### ACTIVITY:
Beginning with the opening line of the entries, return every line through the one containing "Kweek je eigen", both included, and nothing else. Omit pictures.

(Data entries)

"""

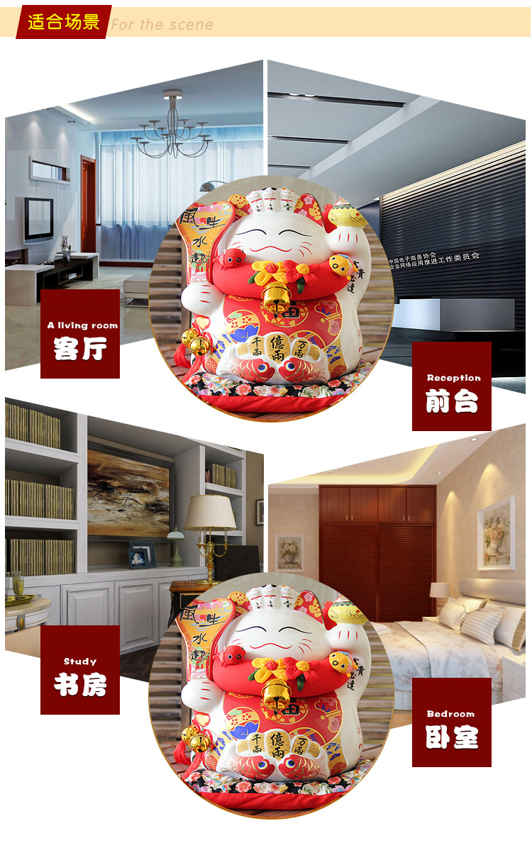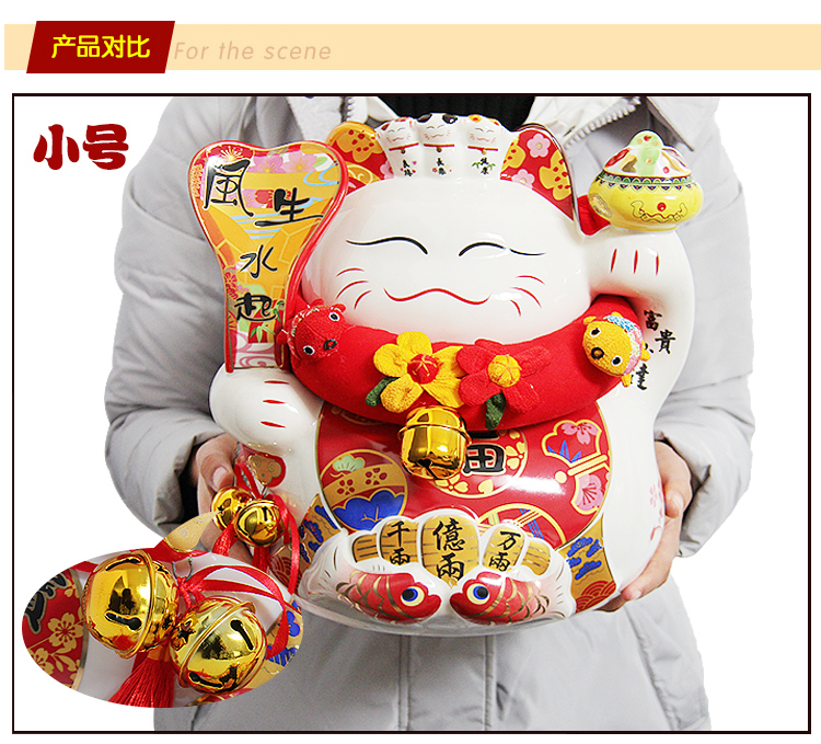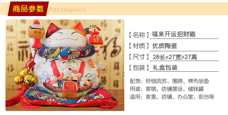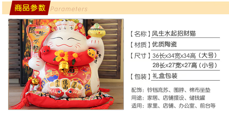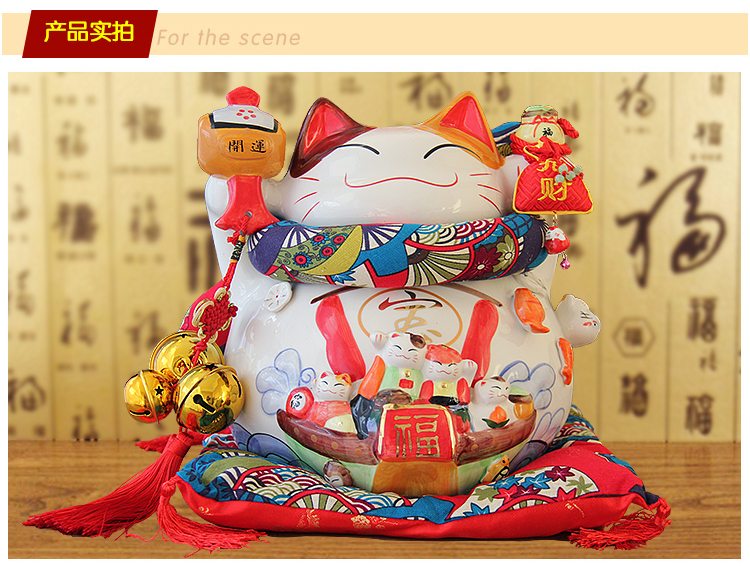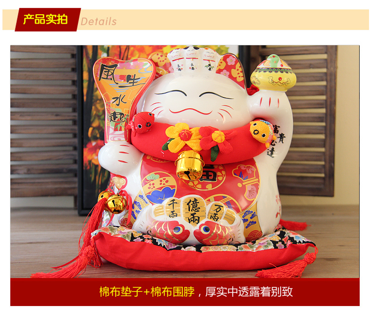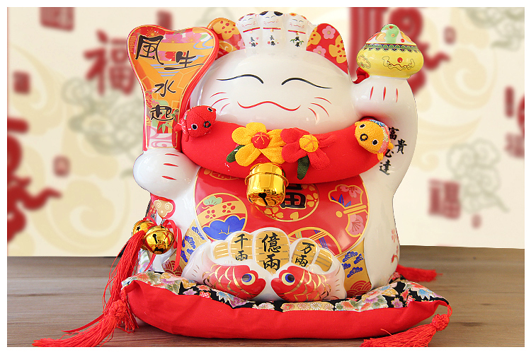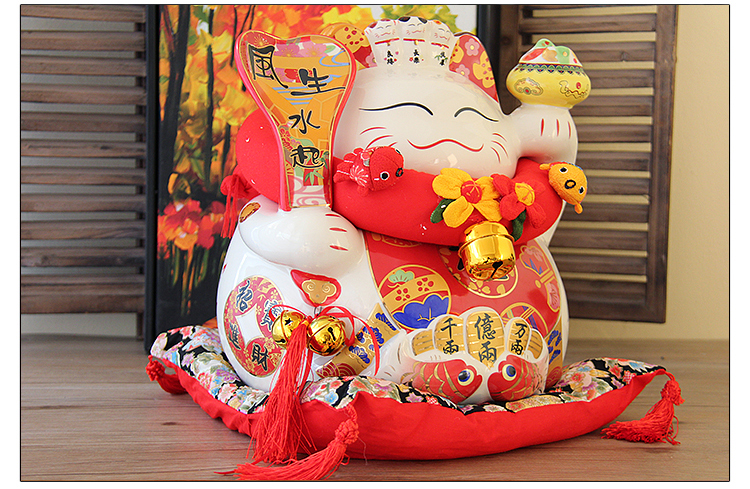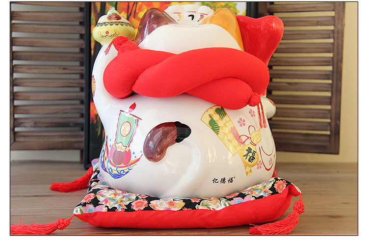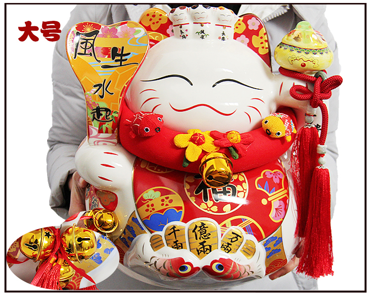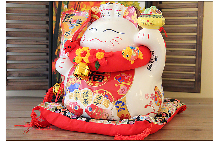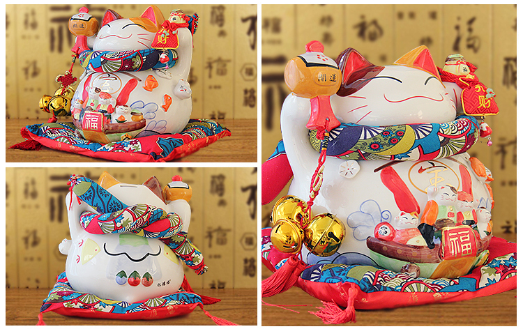 特大號16八方來財招財貓14寸開業喬遷禮品擺件創意陶瓷存錢儲蓄罐1入
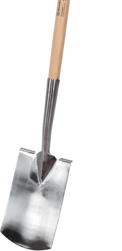 Dieser Gärtnerspaten ist aus Edelstahl mit einem polierten und gehärteten Spatenblatt.
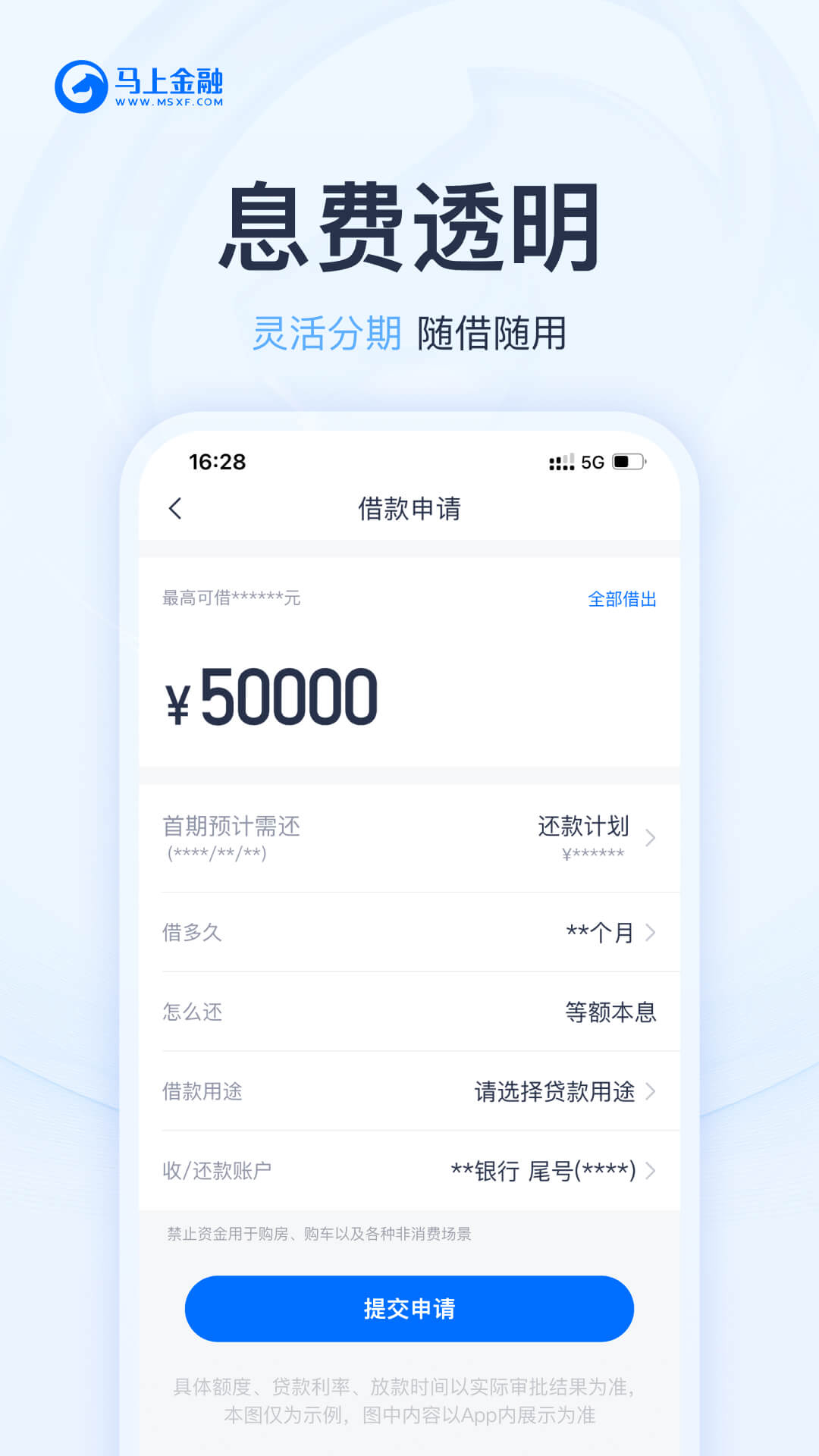 借款额度以及放款时间以实际审批结果为准。贷款存在风险,借款应谨慎,请根据个人能力合理借贷、理性消费,防止逾期情况发生。
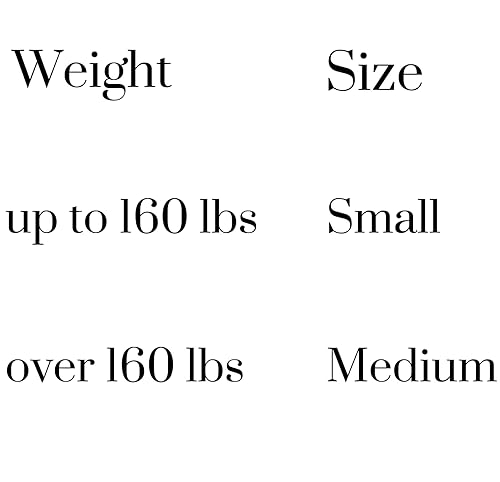 • SIZING by weight, up to 160 lbs = Small, over 160 lbs = Medium
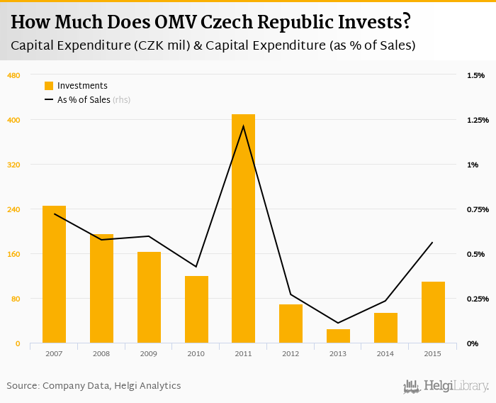 OMV Czech Republic invested a total of CZK 111 mil in 2015, up 100% compared to the previous year. Historically, between 2007 - 2015, the company's investments stood at a high of CZK 410 mil in 2011 and a low of CZK 24.9 mil in 2013.
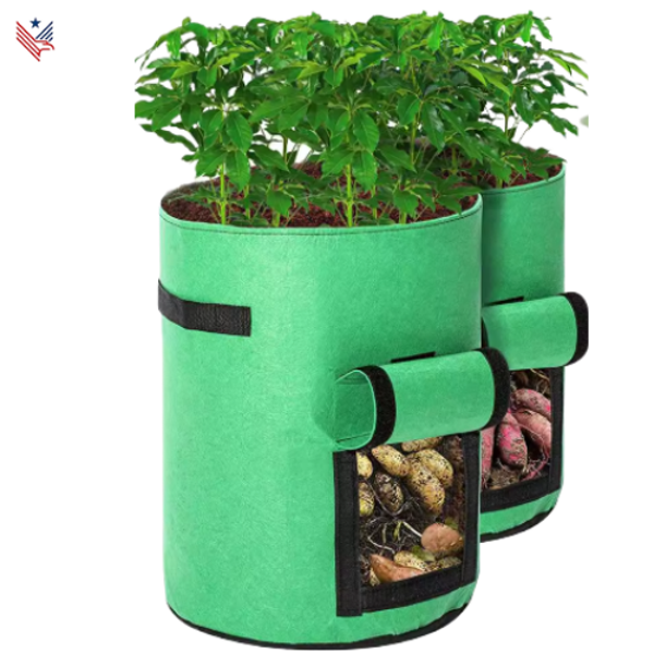 Kweek je eigen aardappelen eenvoudig met deze 10 gallon plantenzakken, ideaal voor je tuin, balkon of terras. Gemaakt van hoogwaardig, ademend PET-materiaal, bieden deze zakken de perfecte omgeving voor je planten om te gedijen. Dankzij het zijvenster oogst je snel en zonder rommel, terwijl de afvoergaatjes onderin de zak voor optimale drainage zorgen, zodat je aardappelen gezond blijven. Met dubbele handvatten kun je de zakken eenvoudig verplaatsen, en na gebruik vouw je ze compact op voor handige opslag. Deze herbruikbare en duurzame kweekzakken zijn ideaal voor tuinliefhebbers die op zoek zijn naar een efficiënte en praktische manier van groente- en aardappelteelt.
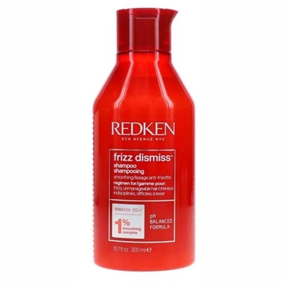 Redken Frizz Dismiss Shampoo 10.1oz / 300ml Redken Frizz Dismiss Shampoo is anti frizz shampoo with a gentle, sulfate and sodium chloride free formula. This shampoo is formulated with Redkens Smoothing Complex featuring sustainably sourced Babassu oil to tame frizzy hair, increase smoothness and enhance shine.
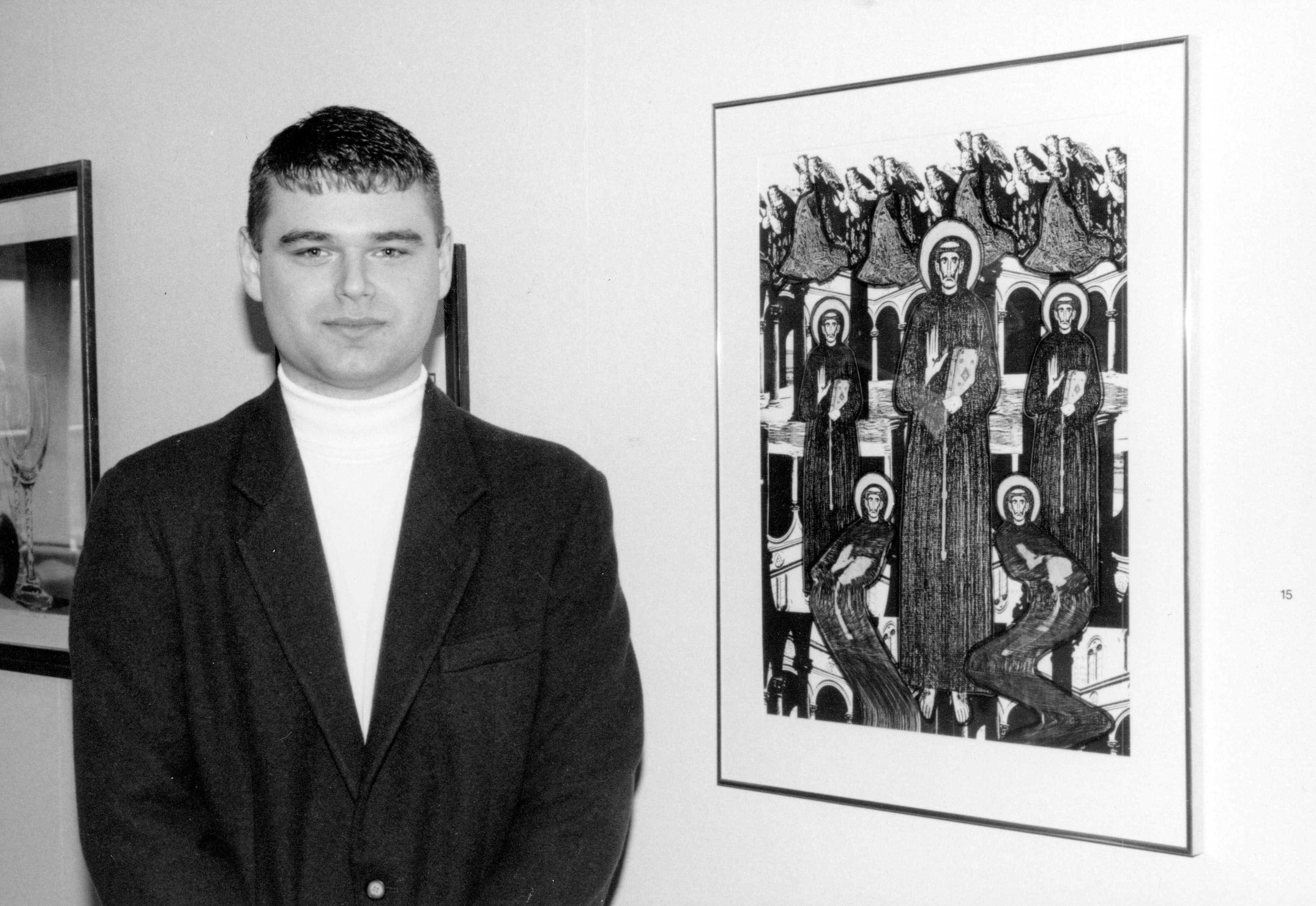 Man next to framed art New Harmony Gallery of Contemporary Art. New Harmony, Indiana
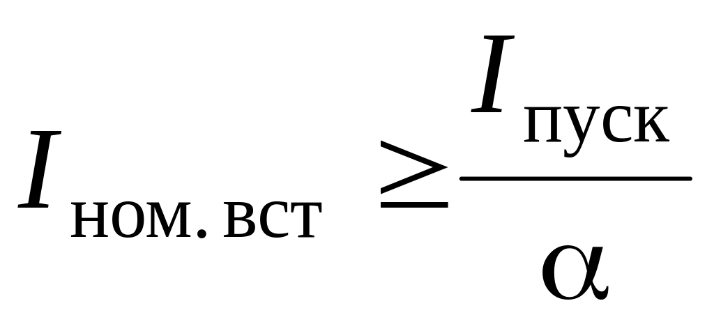 где α – коэффициент, зависящий от условий пуска и типа электродвигателя. При защите двигателя с короткозамкнутым ротором и легкими условиями пуска (длительность не более 5 с) принимается 2,5; при тяжелых и частых пусках (длительность более 10 с, частота более 15 раз в час) принимается 1,6; при защите двигателей с фазным ротором – 0,9; Iпуск – пусковой ток электродвигателя.

"""

### RESPONSE TO THIS EXERCISE:
 特大號16八方來財招財貓14寸開業喬遷禮品擺件創意陶瓷存錢儲蓄罐1入
 Dieser Gärtnerspaten ist aus Edelstahl mit einem polierten und gehärteten Spatenblatt.
 借款额度以及放款时间以实际审批结果为准。贷款存在风险,借款应谨慎,请根据个人能力合理借贷、理性消费,防止逾期情况发生。
 • SIZING by weight, up to 160 lbs = Small, over 160 lbs = Medium
 OMV Czech Republic invested a total of CZK 111 mil in 2015, up 100% compared to the previous year. Historically, between 2007 - 2015, the company's investments stood at a high of CZK 410 mil in 2011 and a low of CZK 24.9 mil in 2013.
 Kweek je eigen aardappelen eenvoudig met deze 10 gallon plantenzakken, ideaal voor je tuin, balkon of terras. Gemaakt van hoogwaardig, ademend PET-materiaal, bieden deze zakken de perfecte omgeving voor je planten om te gedijen. Dankzij het zijvenster oogst je snel en zonder rommel, terwijl de afvoergaatjes onderin de zak voor optimale drainage zorgen, zodat je aardappelen gezond blijven. Met dubbele handvatten kun je de zakken eenvoudig verplaatsen, en na gebruik vouw je ze compact op voor handige opslag. Deze herbruikbare en duurzame kweekzakken zijn ideaal voor tuinliefhebbers die op zoek zijn naar een efficiënte en praktische manier van groente- en aardappelteelt.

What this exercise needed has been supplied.